From: Andy Lutomirski
Date: Tue Feb 06 2018 - 18:06:11 EST


On Tue, Feb 6, 2018 at 10:48 PM, Linus Torvalds
<torvalds@xxxxxxxxxxxxxxxxxxxx> wrote:
> On Tue, Feb 6, 2018 at 1:32 PM, Dominik Brodowski
> <linux@xxxxxxxxxxxxxxxxxxxx> wrote:
>> Same as is done for syscalls, interleave XOR with PUSH or MOV
>> instructions for exceptions/interrupts, in order to minimize
>> the cost of the additional instructions required for register
>> clearing.
>
> Side note: I would _really_ like to see
>
> (a) SAVE_{C,EXTRA}_REGS go away entirely, to be replaced by just SAVE_REGS.
>
> We never use them independently of each other any more.
>
> (b) Get rid of ALLOC_PT_GPREGS_ON_STACK entirely, and make SAVE_REGS
> use pushq's instead of movs.

Agreed.

However, bit fat NAK to the patch as it.
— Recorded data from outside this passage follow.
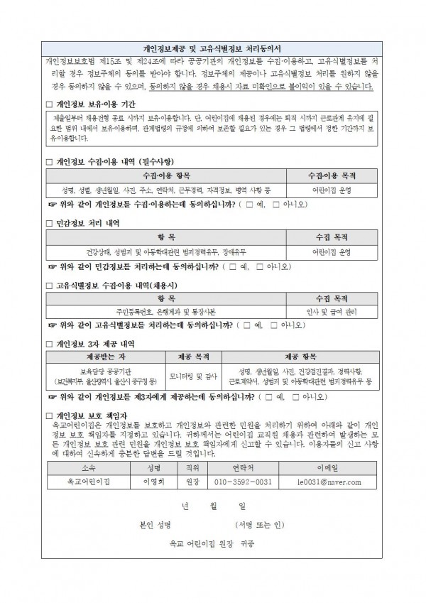 개인정보제공 및 고유식별정보 처리동의서.hwp
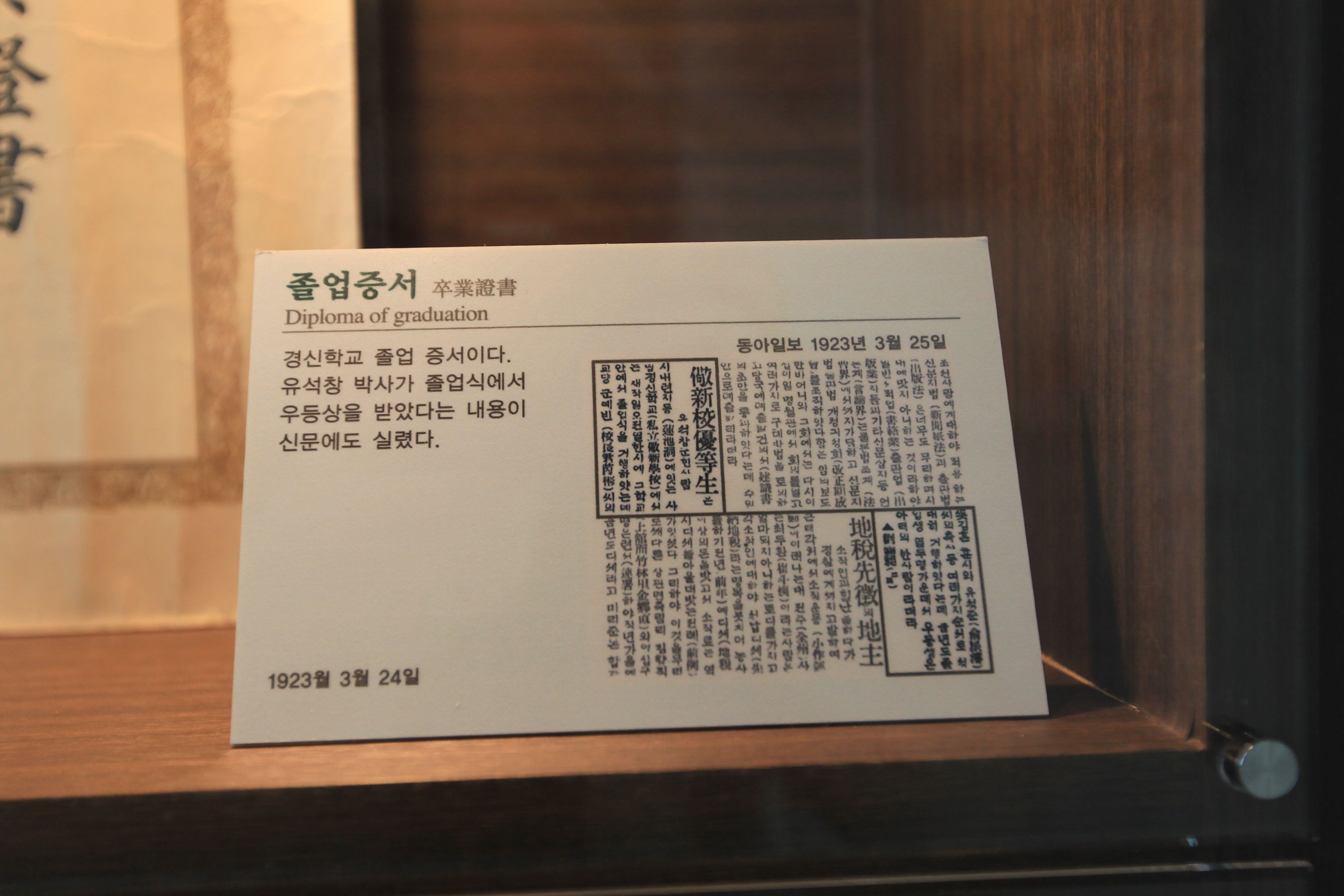 이건 유석창 경신학교 졸업증서다.
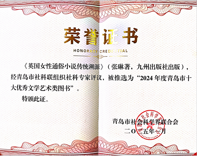 近日,第二届青岛市优秀人文社会科学类图书评选结果揭晓,我校张琳老师的著作《英国女性通俗小说传统溯源》入选“青岛市十大优秀文学艺术类图书”,董栋、李冬梅、邱艳春老师的三部专著(译著)入选“青岛市优秀人文社科图书”。同时,我校获评优秀组织奖。
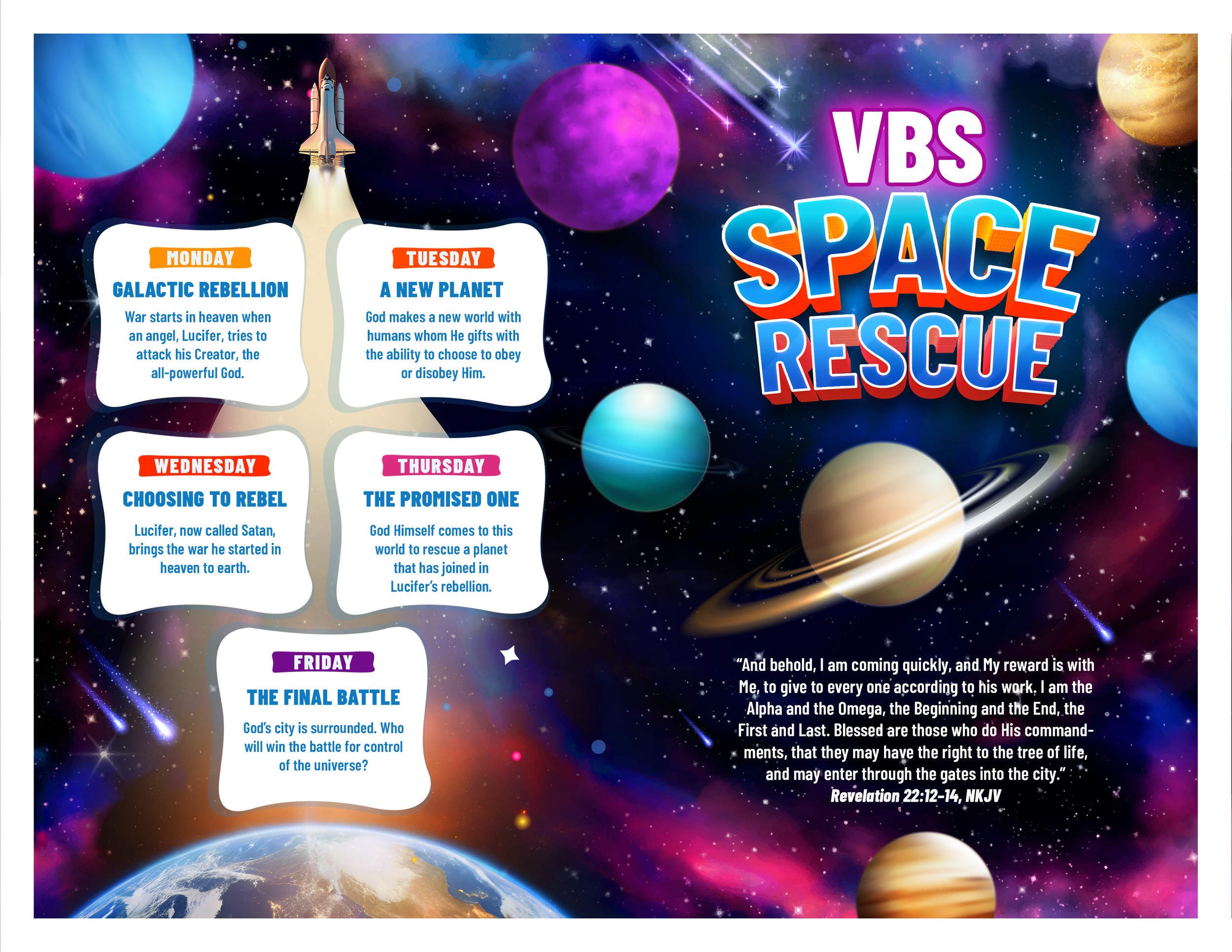 Are you ready for the ultimate mission? This summer, join us for VBS Space Rescue, where we'll journey through the stars to discover the greatest rescue story ever told. From a galactic rebellion to the final victory, kids will explore how God's love reaches across the universe to save us. Secure your seat on the shuttle-the countdown to an unforgettable week begins now! Join us on a fun, five-day VBS adventure for children ages 4-12 as we learn about Space Rescue. Meal will be provided.
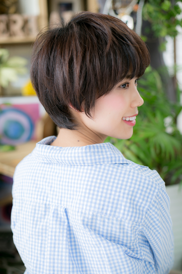 トップからおろした厚めバングで目元を強調して目力UP!笑顔の似合うラブショートは、男女問わず人気の好感スタイル。ショート初挑戦の方にもオススメです。毛先を外ハネさせて、軽やかに弾むスイングショートもGOOD!ヒアルロン酸カラーは白髪にも対応可。
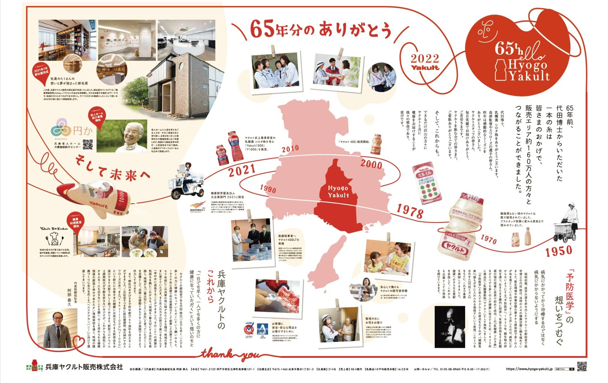 創立65周年を迎える事ができた感謝と新社屋の建設を記念し「65年分のありがとう」というテーマで神戸新聞に掲載しました。創業当時から現在、そして未来へとつながっていくことを一本の赤い糸でイメージしています。「健康お役立ちおもてなし企業」として、担当する地域の皆さまへの感謝の気持ちと、「一日でも早く、一人でも多くの方に健康になっていただく」という願い、そしてこれからも地域の健康づくりに全力を尽くすという想いを表現しました。
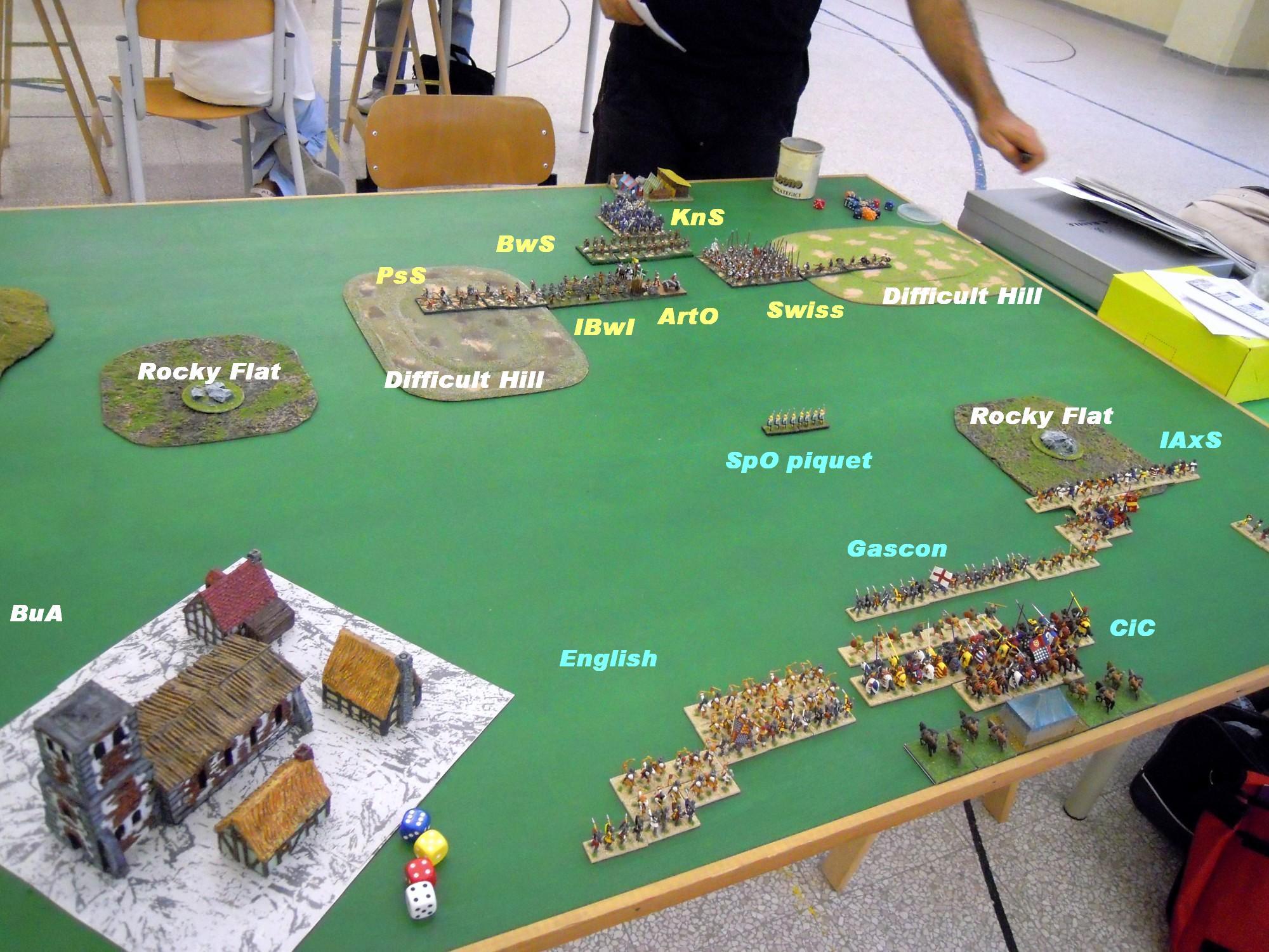 With the mounted BwS uncommitted, I kept IKnS in reserve, and attacked the infantry supporting the ArtO. The French seeing the determined attack by the English and gascon corps, changed his plan recalling the RKnS ti support the Swiss sent to engage my BdS. The BwS were finally sent around my left flank.

There's no way I'm okay with
a macro called SAVE_C_REGS that actually saves *and clears* C regs.
Call it SAVE_AND_CLEAR_C_REGS.

>
> Doing (a) should be completely trivial.
>
> Doing (b) looks like it needs _some_ care, because
> ALLOC_PT_GPREGS_ON_STACK is not always done just before the SAVE_REGS,
> the error entry code does it in in the early entry code. But honestly,
> that seems mainly so that it can do
>
> testb $3, CS(%rsp) /* If coming from
> userspace, switch stacks */
>
> before registers are saved, yet use the same CS offset as if they had
> already been saved. So that _one_ stack offset in the 'idtentry' macro
> would need to be fixed up.
>
> There might be others that I don't see from just eyeballing, so it
> does need some care, but wouldn't it be nice if *all* the entry code
> could just use the same pushq sequences, and then put the xor's in
> there?
>
> The reason for that complexity is purely the system call fastpath case
> that no longer exists, I think.
>
> Am I missing something?

I don't think so.

idtentry could use some massive cleanups IMO. At some point I'll find
time to do it. We've added features to it piecemeal over time, and
the net result including the stack switch for PTI is a mess.

>
> Linus